EXERCISE AIM: From the listing below, give again exactly the lines from the line with "- Додаткова еластична" to the line with "安全機(jī)構(gòu) | 門掉下防止擋塊、排氣延遲定時(shí)器、風(fēng)量監(jiān)視 |", ends included, without any pictures.

[[ RECORDS SUPPLIED, beginning ]]

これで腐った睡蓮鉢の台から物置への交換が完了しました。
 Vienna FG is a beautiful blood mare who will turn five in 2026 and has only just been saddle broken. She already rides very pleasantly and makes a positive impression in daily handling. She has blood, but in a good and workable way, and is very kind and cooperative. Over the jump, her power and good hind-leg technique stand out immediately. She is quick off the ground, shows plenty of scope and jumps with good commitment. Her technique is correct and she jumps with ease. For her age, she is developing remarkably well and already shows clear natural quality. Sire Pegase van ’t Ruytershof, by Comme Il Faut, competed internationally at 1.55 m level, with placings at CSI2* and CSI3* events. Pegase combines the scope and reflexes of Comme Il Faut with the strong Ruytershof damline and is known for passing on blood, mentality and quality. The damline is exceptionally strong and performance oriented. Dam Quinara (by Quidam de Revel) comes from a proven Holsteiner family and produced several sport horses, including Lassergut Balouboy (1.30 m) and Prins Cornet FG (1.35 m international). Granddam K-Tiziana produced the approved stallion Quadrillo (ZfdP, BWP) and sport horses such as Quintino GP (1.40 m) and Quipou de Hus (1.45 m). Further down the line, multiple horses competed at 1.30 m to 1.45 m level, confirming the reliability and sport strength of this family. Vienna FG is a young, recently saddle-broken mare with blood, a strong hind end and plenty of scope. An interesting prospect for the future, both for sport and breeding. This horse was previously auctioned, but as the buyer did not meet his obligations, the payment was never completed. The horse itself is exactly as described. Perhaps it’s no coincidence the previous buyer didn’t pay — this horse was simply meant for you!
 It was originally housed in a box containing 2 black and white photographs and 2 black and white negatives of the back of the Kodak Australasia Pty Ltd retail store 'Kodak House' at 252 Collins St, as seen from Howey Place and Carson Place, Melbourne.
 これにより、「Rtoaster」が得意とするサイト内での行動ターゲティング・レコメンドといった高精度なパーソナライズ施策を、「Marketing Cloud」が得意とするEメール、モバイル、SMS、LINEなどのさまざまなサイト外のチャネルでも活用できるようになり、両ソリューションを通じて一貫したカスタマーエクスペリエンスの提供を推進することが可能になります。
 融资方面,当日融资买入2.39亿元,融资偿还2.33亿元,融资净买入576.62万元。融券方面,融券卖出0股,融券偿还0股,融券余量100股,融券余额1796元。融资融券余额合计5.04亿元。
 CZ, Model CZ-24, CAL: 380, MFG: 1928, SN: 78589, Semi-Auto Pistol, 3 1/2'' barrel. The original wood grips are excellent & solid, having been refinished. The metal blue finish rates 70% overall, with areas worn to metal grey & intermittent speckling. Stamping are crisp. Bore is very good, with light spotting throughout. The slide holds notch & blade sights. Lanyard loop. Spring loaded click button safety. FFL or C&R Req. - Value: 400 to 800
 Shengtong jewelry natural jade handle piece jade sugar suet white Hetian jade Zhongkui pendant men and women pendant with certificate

[[ RECORDS SUPPLIED, end ]]
[[ RECORDS SUPPLIED, beginning ]]

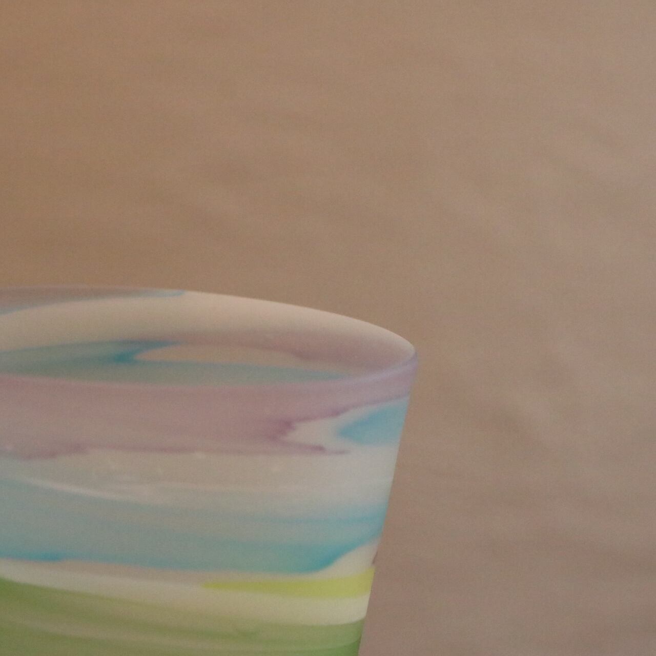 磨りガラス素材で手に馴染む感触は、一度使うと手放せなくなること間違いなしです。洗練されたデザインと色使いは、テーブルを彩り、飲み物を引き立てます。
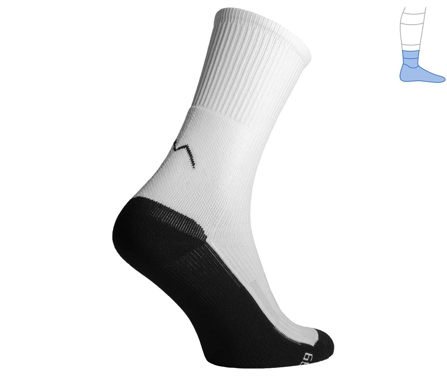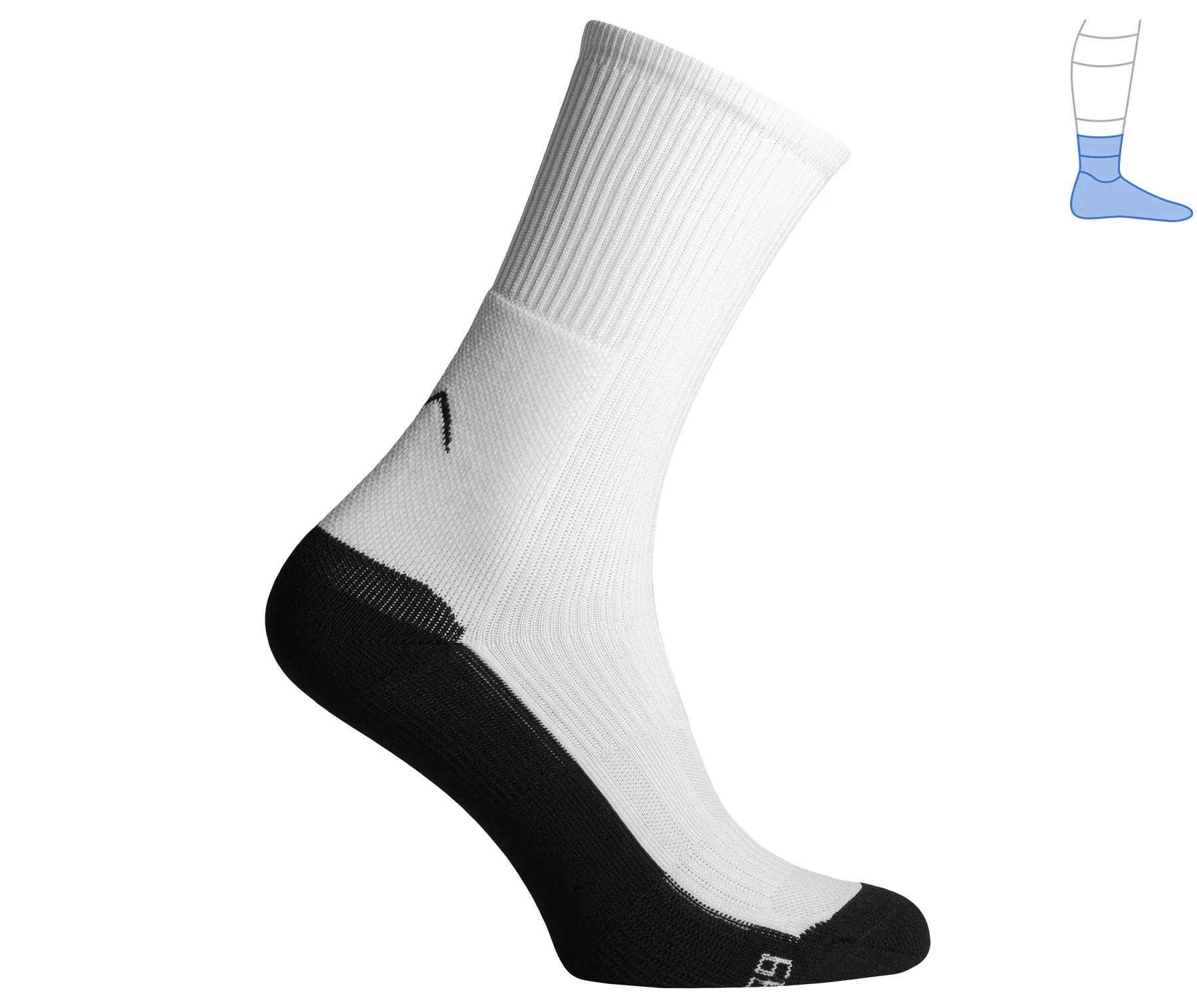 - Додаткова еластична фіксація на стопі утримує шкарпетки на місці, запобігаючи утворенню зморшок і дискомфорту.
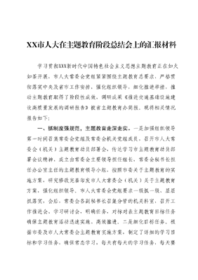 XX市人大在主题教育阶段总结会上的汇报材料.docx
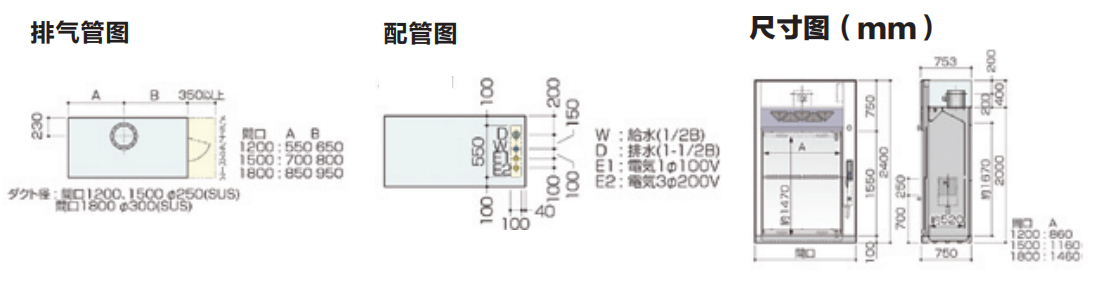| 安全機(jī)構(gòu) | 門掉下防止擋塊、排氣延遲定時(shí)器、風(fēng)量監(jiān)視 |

[[ RECORDS SUPPLIED, end ]]
[[ RECORDS SUPPLIED, beginning ]]

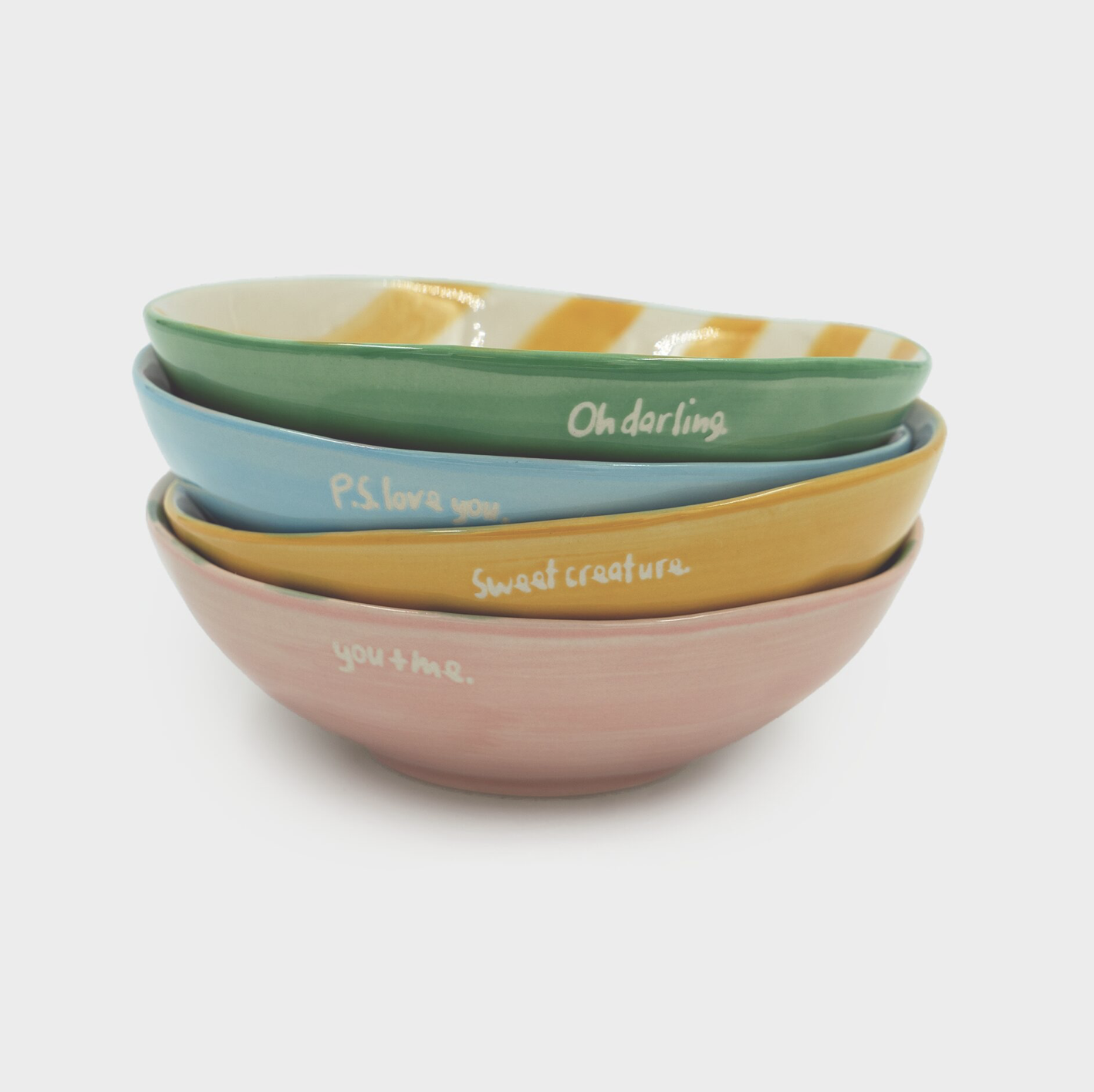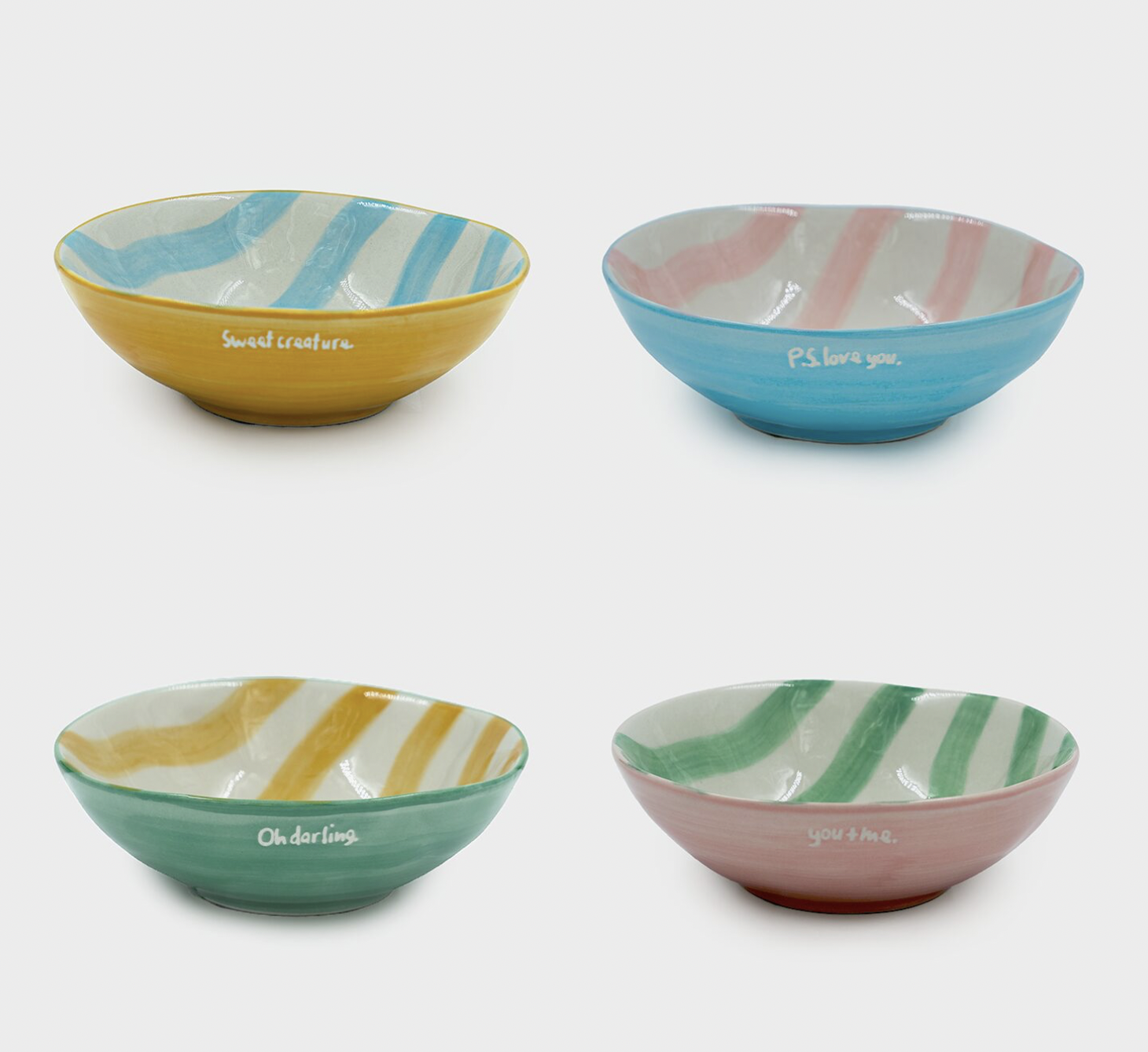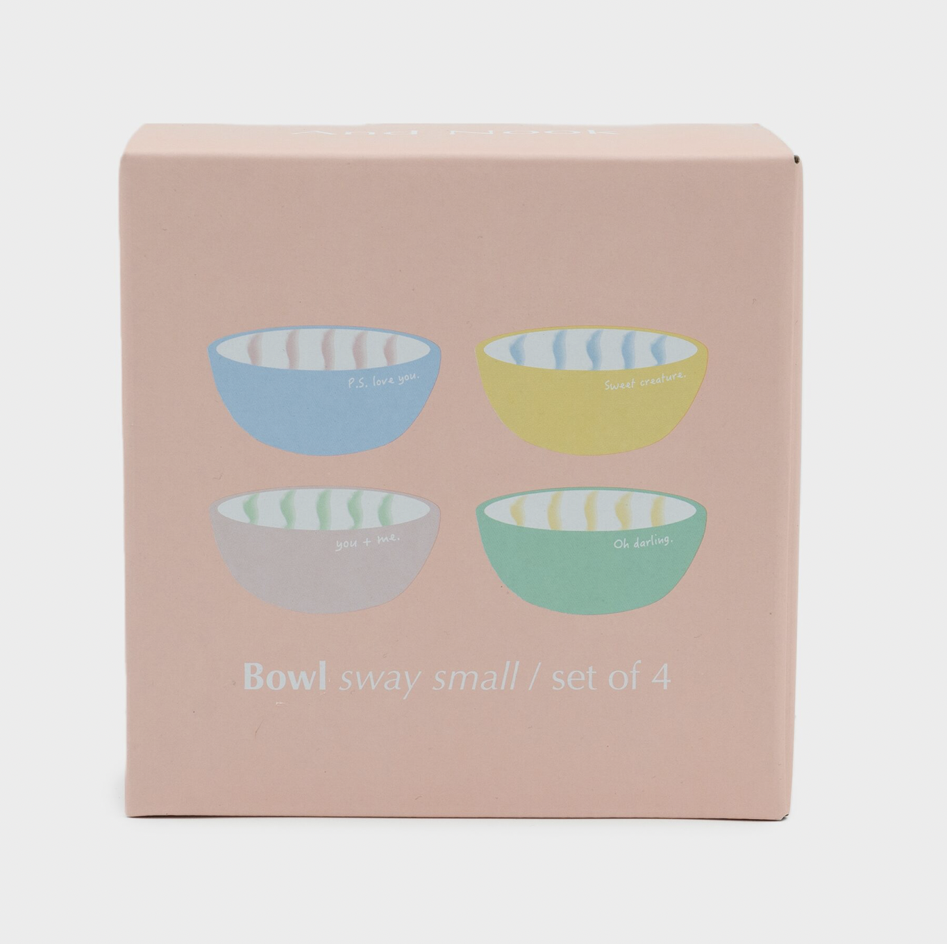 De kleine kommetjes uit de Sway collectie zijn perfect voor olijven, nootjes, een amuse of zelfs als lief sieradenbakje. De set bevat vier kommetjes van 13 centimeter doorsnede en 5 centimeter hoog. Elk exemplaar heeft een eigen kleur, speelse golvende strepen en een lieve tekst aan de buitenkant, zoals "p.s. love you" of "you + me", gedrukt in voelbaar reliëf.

[[ RECORDS SUPPLIED, end ]]

TASK ANSWER:
 - Додаткова еластична фіксація на стопі утримує шкарпетки на місці, запобігаючи утворенню зморшок і дискомфорту.
 XX市人大在主题教育阶段总结会上的汇报材料.docx
| 安全機(jī)構(gòu) | 門掉下防止擋塊、排氣延遲定時(shí)器、風(fēng)量監(jiān)視 |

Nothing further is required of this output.